# Colorado springs. any Ts??



## Venom1080 (Jun 29, 2016)

going down to Colorado springs for a week, can i hope to see any Aphonopelma? any other cool insects, arachnids, reptiles i could find?


----------



## Venom1080 (Jun 29, 2016)

bump.. leaving tomorrow and really want to know if possible..


----------



## Desert scorps (Jul 3, 2016)

Have you found anything?


----------



## Draketeeth (Jul 3, 2016)

Doing a quick google search says there's a species in the southern part of the state, _A. vogelae_, a dwarf, and that _A. hentzi_ is pushing northward, observed as far north as Denver. 
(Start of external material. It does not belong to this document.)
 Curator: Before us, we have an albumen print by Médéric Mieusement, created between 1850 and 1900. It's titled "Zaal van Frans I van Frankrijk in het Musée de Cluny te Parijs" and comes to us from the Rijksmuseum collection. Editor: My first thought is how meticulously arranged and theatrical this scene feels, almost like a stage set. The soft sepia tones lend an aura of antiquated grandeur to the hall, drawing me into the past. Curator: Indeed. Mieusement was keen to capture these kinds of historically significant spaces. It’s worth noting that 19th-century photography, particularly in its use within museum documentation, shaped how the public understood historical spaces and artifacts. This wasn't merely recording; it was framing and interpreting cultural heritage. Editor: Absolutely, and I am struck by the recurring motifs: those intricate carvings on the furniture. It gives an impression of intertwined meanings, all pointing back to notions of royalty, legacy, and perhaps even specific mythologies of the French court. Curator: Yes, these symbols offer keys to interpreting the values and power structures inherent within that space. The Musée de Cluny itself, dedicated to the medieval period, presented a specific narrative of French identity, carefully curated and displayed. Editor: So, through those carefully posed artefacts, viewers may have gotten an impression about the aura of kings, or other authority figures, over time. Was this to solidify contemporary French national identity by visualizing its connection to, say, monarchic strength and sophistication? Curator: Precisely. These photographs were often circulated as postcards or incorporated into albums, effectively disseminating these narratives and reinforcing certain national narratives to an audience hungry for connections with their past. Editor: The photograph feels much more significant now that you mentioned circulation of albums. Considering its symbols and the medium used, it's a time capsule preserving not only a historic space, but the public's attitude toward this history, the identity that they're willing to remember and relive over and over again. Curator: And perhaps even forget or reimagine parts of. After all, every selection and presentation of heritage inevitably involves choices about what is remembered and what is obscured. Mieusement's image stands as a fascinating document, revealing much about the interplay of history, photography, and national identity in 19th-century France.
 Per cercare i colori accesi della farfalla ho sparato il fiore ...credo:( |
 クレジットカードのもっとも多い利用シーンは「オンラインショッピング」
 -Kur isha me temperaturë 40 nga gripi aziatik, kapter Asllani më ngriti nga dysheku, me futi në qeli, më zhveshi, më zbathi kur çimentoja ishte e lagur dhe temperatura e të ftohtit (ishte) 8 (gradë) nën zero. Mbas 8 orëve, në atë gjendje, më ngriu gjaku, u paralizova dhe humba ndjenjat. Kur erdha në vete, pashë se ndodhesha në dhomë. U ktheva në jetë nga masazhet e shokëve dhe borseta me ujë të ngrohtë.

There should be several scorpion species as well, and an article said this is baby scorpion season June-August.

Reactions: Helpful 1


----------



## Venom1080 (Jul 3, 2016)

Desert scorps said:


> Have you found anything?


havent gone looking much yet, im planning tuesday and wednesday to be my hunting days. im doing a bit of research on some nice parks to spend most of my time. Garden of the Gods (big park) looks promising and im planning tuesday to be spent there on some of the more rustic back trails. just wondering, scorpions do live in burrows as well, right?


----------



## Draketeeth (Jul 4, 2016)

Garden of the Gods is an amazing place, would love to visit there again someday. It's such wonderful landscape and great views. Take a camera and take pictures if you're not planning to already!

Reactions: Like 1


----------



## Wolfden (Jul 4, 2016)

Garden of the gods is probably your best bet, lots of trails. I have been up there many time but have yet to see any T's. There is also red rocks which is right off of highway 24.


----------



## edesign (Jul 13, 2016)

Sorry, I don't check this subforum very often. I don't think there are any T's that far north. They're higher elevation than here in Denver and we get similar weather. The people I've spoken to around here who have seen T's usually reference closer to Pueblo and the southern state border.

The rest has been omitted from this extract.